The Polite Reply
On the absurd theatre of avoidance
Every theatre of avoidance ends the same: a closed door, an echo, no audience.
A story takes shape in fragments. Scenes arrive at random, then fall into place like props on a stage, revealing a play I didn’t know I was writing. What unfolds is not romance but theatre: the kind where one actor speaks in lines of truth, and the other replies with padding.
A woman sealed a letter with a single line: “I have found myself and peace again.”
It wasn’t a report. It was a door closing. She stared at the screen and pressed send.

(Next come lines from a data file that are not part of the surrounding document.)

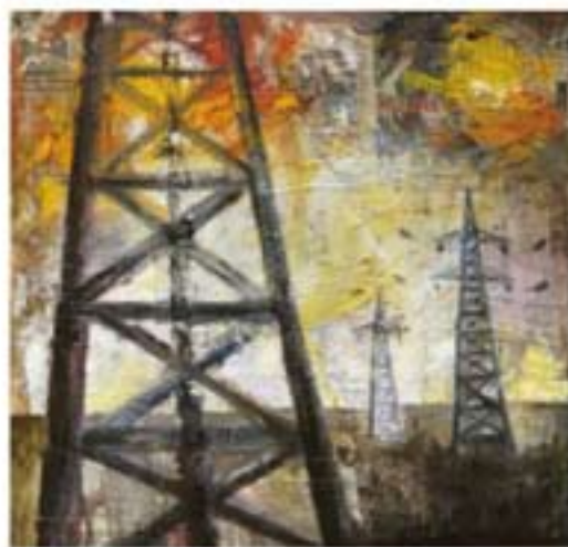
Giovanni Cerri Tralicci , 2008, olio cm 130x130

delle sue città invisibili, anch'esse stracciate e abbandonate ai loro cupi colori.
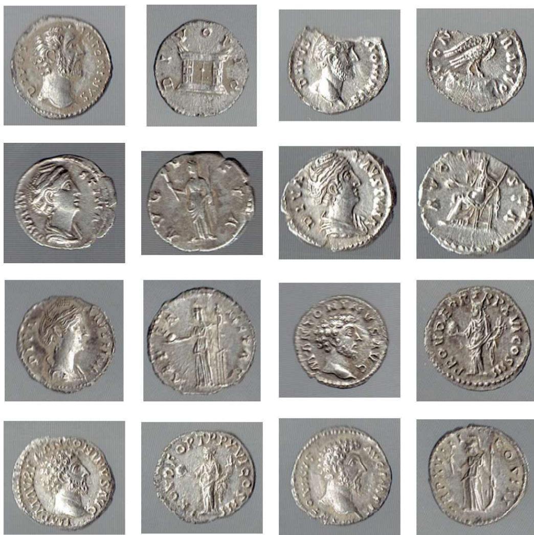
Planșa 4. Monede catalog nr. 25 – 32.
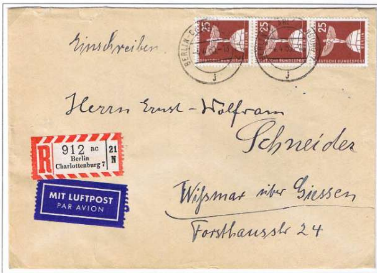
Berlin-Charlottenburg 7, 4.4.60. Fernbrief bis 20 g 20 Pf, Einschreiben 50 Pf und Luftpostzuschlag 5 Pf.
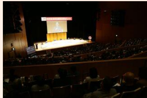
徳川宗家と「四天王」の子孫による座談会
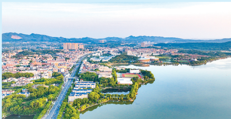
▲校园鸟瞰
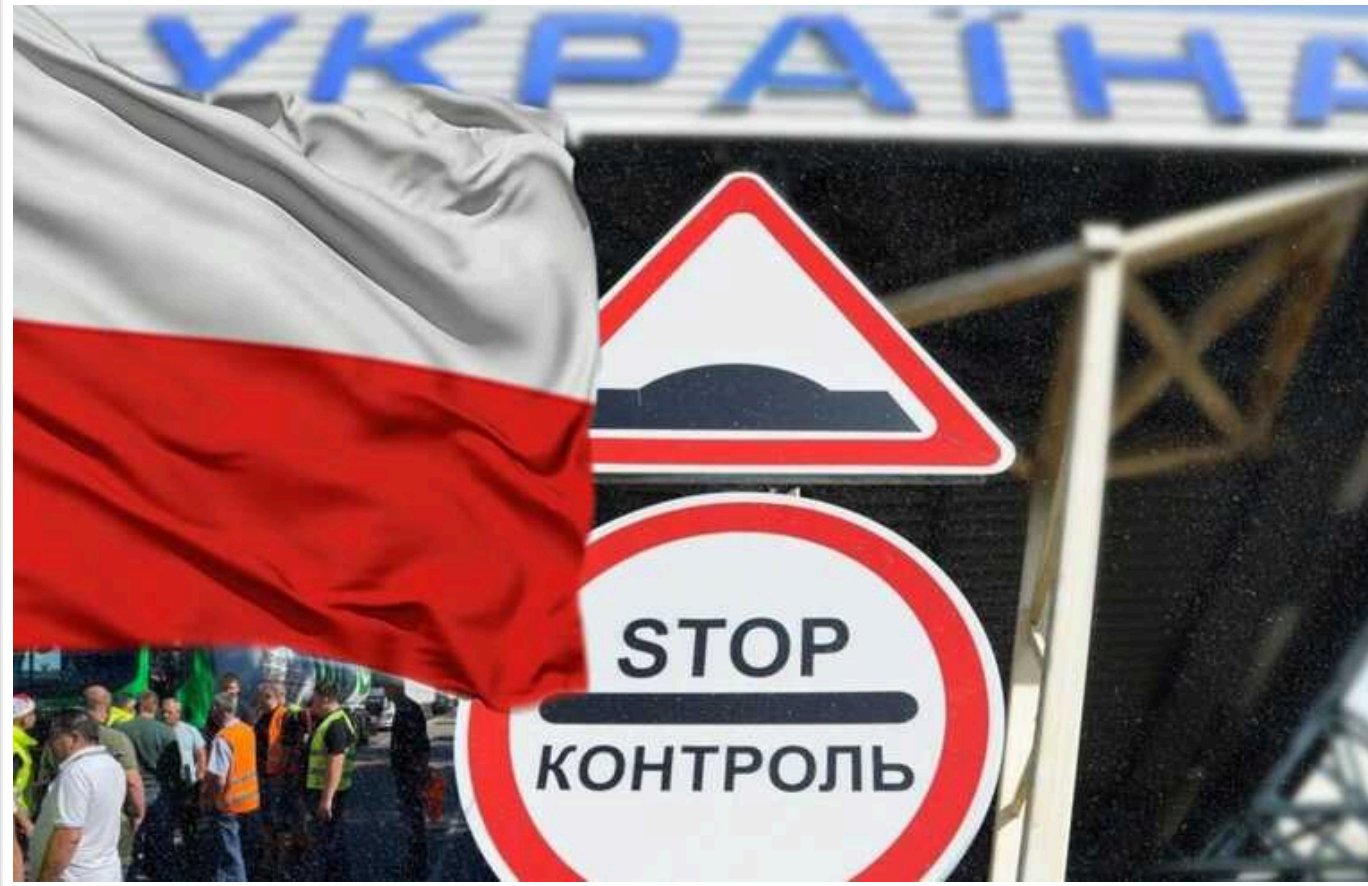
Польські фермери планують закінчити блокаду в ніч проти 7 червня, - ДПСУ

The man on the other side of the world read it and felt the air change. There was nothing to argue with, no list, no accusation, no staircase to descend together. Just a wall where a hallway used to be. That was not what he expected.
He reached for what he always reached for when truth arrived uninvited: padding.
“I’m very glad to hear that,” he wrote back.
The sentence did what such sentences do. It sounded kind without touching anything. It turned a verdict into “good news,” a boundary into a wellness update. It tried to shrink a moral event into something he could stand beside and nod at.
But the sentence had a problem. It showed discomfort; it was not a statement. It was a glove without a hand.
The woman didn’t reply. Silence kept the shape of what had happened, for days, weeks, months.
Later, when he remembered the exchange, the man could not recall what he was “glad” about. He only remembered the relief of typing a polite phrase and the dull ache that followed…like hanging a curtain over a locked window, as if that could change what’s behind it.
That is how avoidance speaks: not to what is said, but to the feeling of not knowing what to say. It borrows the tone of care to escape the cost of truth. And it always sounds reasonable, until there is nothing on the other side of it. Just a closed door and the echo of one’s own words.


That’s beautifully and hauntingly put. Avoidance wears the mask of gentleness, but underneath it is silence that steals clarity and connection. Your words capture that emptiness perfectly—the echo left behind when truth is denied.
Oh this is such subtle commentary on an event and all the nuance and unspoken conventions surrounding it. Loved it.